By Tim Leeds/Havre Daily Newsemail@example.com
Nature is not being completely cooperative, but many area farmers are looking at a better harvest than they have had in the past several years, when drought, hail, sawflies and severe heat decimated crops.
"All in all, we've had an above- average year," said Randy Olstad, who manages the Archer Daniels Midland-Cenex Harvest States elevators in Havre and Big Sandy.
Olstad said most dryland farmers bringing in winter wheat have seen bushel-per-acre yields from the mid-40s to mid-60s, with protein content from 7 percent to 15 percent. He said 12.5 percent is considered a good protein content.

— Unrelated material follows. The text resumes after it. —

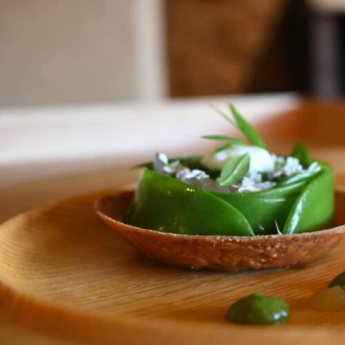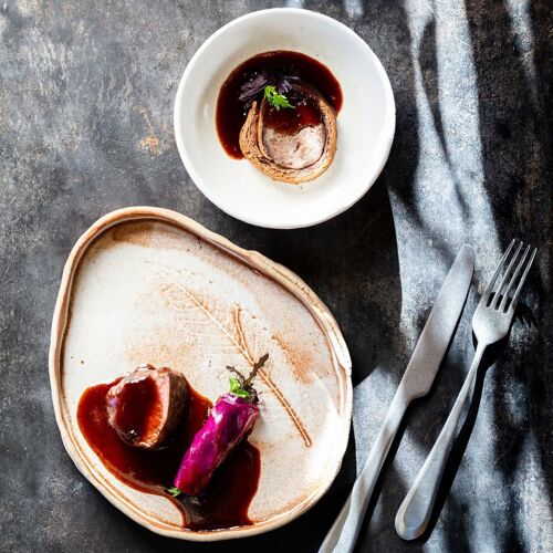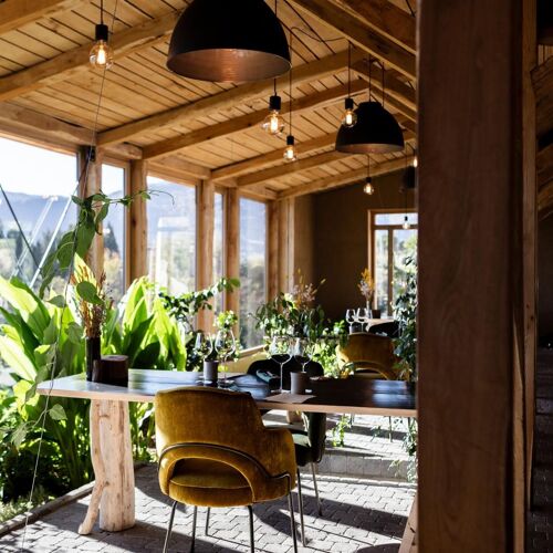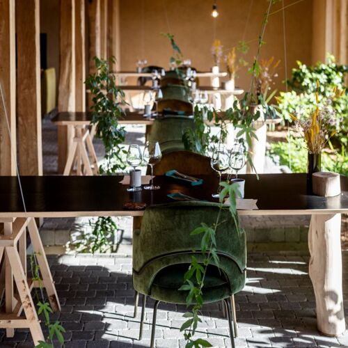 "Local produce, in season, treated with respect from farm to table and at a fair price is the philosophy at La Bòria. Almost all the ingredients are grown or raised in the Ardèche, the sourdough bread is made on site, as is the charcuterie. The building produces its own electricity by solar panels, rainwater is collected and local materials have been used for the construction (the roof structure is made of Ardèche chestnut), the furniture and the tableware."

Ruben Scheuerman, who farms near Kremlin, said he is getting a better-than-average yield on his winter wheat, a little above what he had last year.

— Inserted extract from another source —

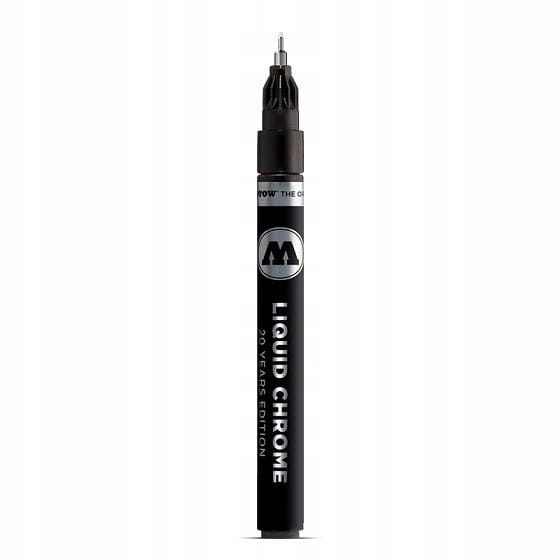 Маркер Molotow Liquid Chrome містить чорнило на основі спирту. Чорнило високонепрозоре, глянцеве з ефектом дзеркального відображення. Лінії, зроблені чорнилом Liquid Chrome, стійкі до стирання та подряпин, а також до УФ-променів.

He had some damage from sawflies, but the hailstorms that passed through the area missed his crops, Scheuerman said.
He said he expects that his spring wheat, once he starts harvesting it later this year, will have a slightly lower yield than his winter wheat.
The winter wheat yields were relatively high last year, following good planting conditions in the fall of 2002 and a wet spring in 2003, but extreme heat over the summer dropped the spring wheat yields for many farmers to near drought-level yields received in the previous years.

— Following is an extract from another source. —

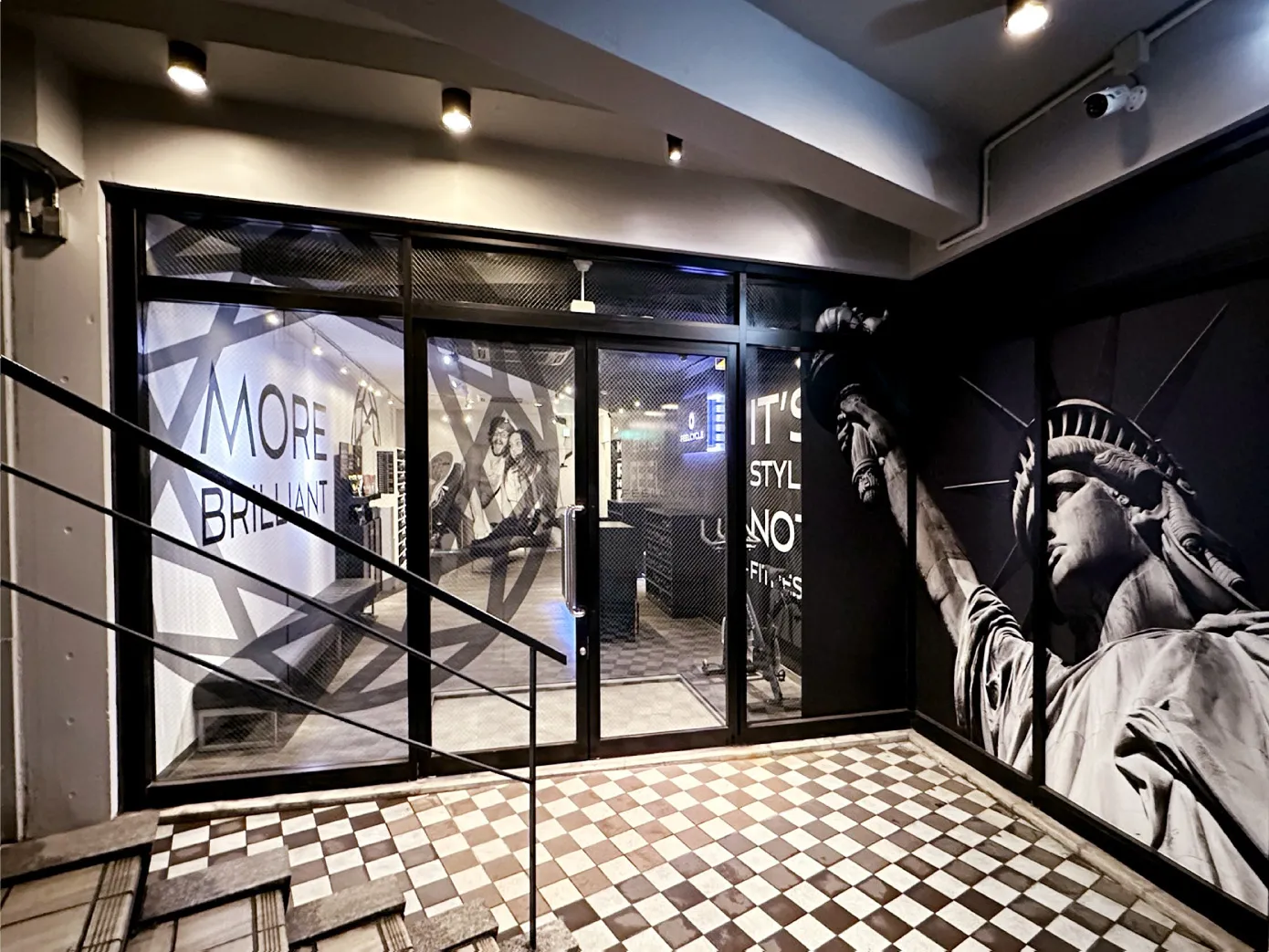 10mほど直進しマクドナルドのある五差路に出たら、パソコン工房と三井住友銀行の間の道に入って、すぐ左手にあるパソコン工房とマチダベッカリーの間の細い坂道を上り、突き当りの1FにMEN'S TBCがあるビルを階段でB1Fへ。

Elevators in the area said winter wheat harvested in 2003 often had yields of about 40 to 50 bushels an acre, but spring wheat was generally in the 20- to 30-bushel-an-acre range or lower.
In 2002, intermittent and poorly timed rain, heat in July and hail and sawflies damaged many farmers' crops, with some reporting a 15- bushel-an-acre average. Elevators said many crop yields ranged from 6 to 18 bushels an acre.
Trevor Wolery, who farms and ranches near Rudyard, said some some of his crops look good, and others don't.
"We've been fortunate enough to miss the hail," he added.
Chuck Elder, crop insurance manager for Koefod Insurance in Havre, said the hail has been spotty this year, with some farmers sustaining damage to several hundred acres of crops and others not hit at all.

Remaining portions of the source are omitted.